RECORDED INFORMATION Start Marker

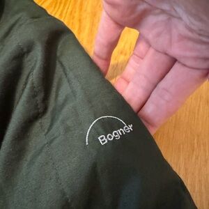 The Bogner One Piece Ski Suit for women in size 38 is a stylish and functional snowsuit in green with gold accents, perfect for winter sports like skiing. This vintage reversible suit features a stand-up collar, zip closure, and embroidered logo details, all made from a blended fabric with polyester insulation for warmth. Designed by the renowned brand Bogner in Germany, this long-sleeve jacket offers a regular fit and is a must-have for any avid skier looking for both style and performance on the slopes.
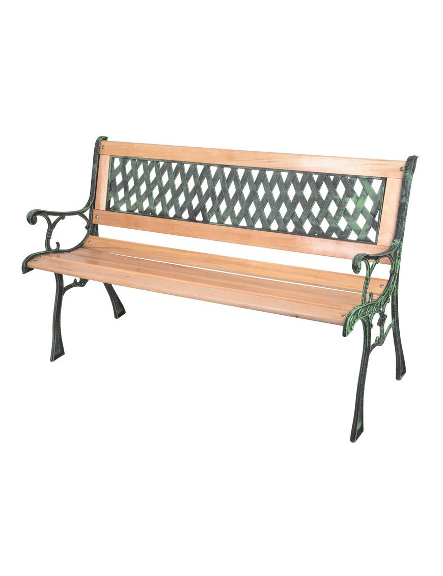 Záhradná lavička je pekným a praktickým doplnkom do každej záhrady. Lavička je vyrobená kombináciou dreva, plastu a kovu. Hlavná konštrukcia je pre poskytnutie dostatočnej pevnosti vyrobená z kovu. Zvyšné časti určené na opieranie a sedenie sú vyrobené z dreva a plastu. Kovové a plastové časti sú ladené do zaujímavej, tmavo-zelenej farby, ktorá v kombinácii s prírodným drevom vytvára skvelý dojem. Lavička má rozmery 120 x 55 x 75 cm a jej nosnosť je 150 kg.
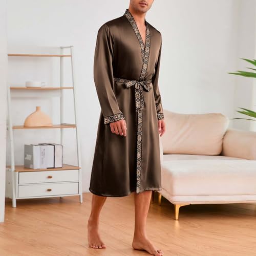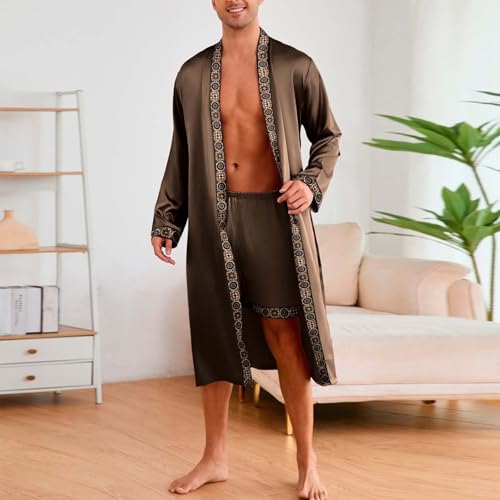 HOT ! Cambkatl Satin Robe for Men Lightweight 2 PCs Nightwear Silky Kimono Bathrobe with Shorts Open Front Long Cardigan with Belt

RECORDED INFORMATION End Marker

_WHAT YOU ARE ASKED TO DO_.
Setting the pictures aside, return exactly the lines from the line with "Záhradná lavička je" through the last line of the listing above.

_SOLUTION FOR THIS EXERCISE_.
 Záhradná lavička je pekným a praktickým doplnkom do každej záhrady. Lavička je vyrobená kombináciou dreva, plastu a kovu. Hlavná konštrukcia je pre poskytnutie dostatočnej pevnosti vyrobená z kovu. Zvyšné časti určené na opieranie a sedenie sú vyrobené z dreva a plastu. Kovové a plastové časti sú ladené do zaujímavej, tmavo-zelenej farby, ktorá v kombinácii s prírodným drevom vytvára skvelý dojem. Lavička má rozmery 120 x 55 x 75 cm a jej nosnosť je 150 kg.
 HOT ! Cambkatl Satin Robe for Men Lightweight 2 PCs Nightwear Silky Kimono Bathrobe with Shorts Open Front Long Cardigan with Belt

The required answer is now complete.